Figure 4-57. Reassociation Request frame
Association and Reassociation Requests differ only in that a Reassociation Request includes the address of the mobile station's current access point. Including this information allows the new access point to contact the old access point and transfer the association data. The transfer may include frames that were buffered at the old access point.

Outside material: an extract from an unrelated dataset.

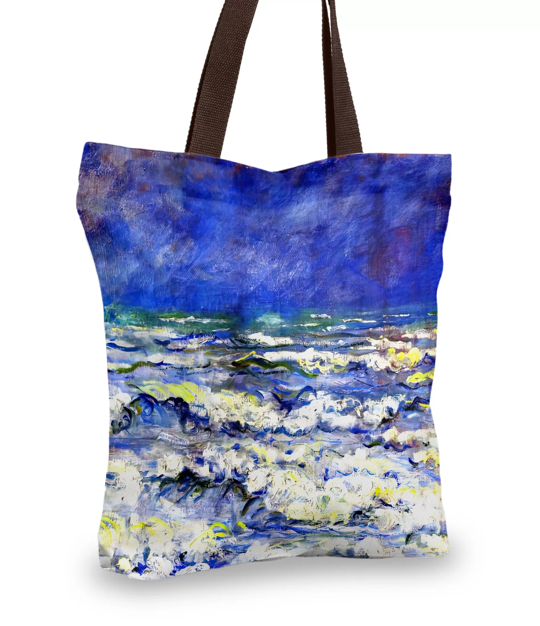 Paviršius švyti mėlynais sūkuriais, tarsi ši rankinė būtų atplaukusi tiesiai iš audringo vandenyno, kur spalvos juda ne nuspėjama tvarka, o laisve. Claude Monet „Open Sea, Stormy Weather“ paveikslo motyvai čia suskamba tarsi gyvas kvėpavimas – bangų šėlsmas, dangaus gylis, spalvų sūkurys, į kurį norisi panirti. Vienoje rankinės pusėje dominuoja išplautų mėlynų, balto ir gelsvo potėpių ritmas, tarsi drobė būtų paversta vandens paviršiumi.

Association Response and Reassociation Response
When mobile stations attempt to associate with an access point, the access point replies with an Association Response or Reassociation Response frame, shown in Figure 4-58. The two differ only in the subtype field in the Frame Control field. All fields are mandatory. As part of the response, the access point assigns an Association ID. How an access point assigns the association ID is implementation-dependent.
Figure 4-58. (Re)Association Response frame
At the beginning of 802.11 networking, stations authenticated using a shared key, and exchanged Authentication frames, which are shown in Figure 4-59. With 802.11i, shared key authentication was kept in the standard, but made incompatible with the new security mechanisms. If a station uses shared key authentication, it will not be allowed to use the strong security protocols described in Chapter 8.
Figure 4-59. Authentication frames
Different authentication algorithms may co-exist. The Authentication Algorithm Number field is used for algorithm selection. The authentication process may involve a number of steps (depending on the algorithm), so there is a sequence number for each frame in the authentication exchange. The Status Code and Challenge Text are used in different ways by different algorithms; details are discussed in Chapter 8.
802.11h added support for Action frames, which trigger measurements. These frames will be described in detail in the "Spectrum Management" section of Chapter 8.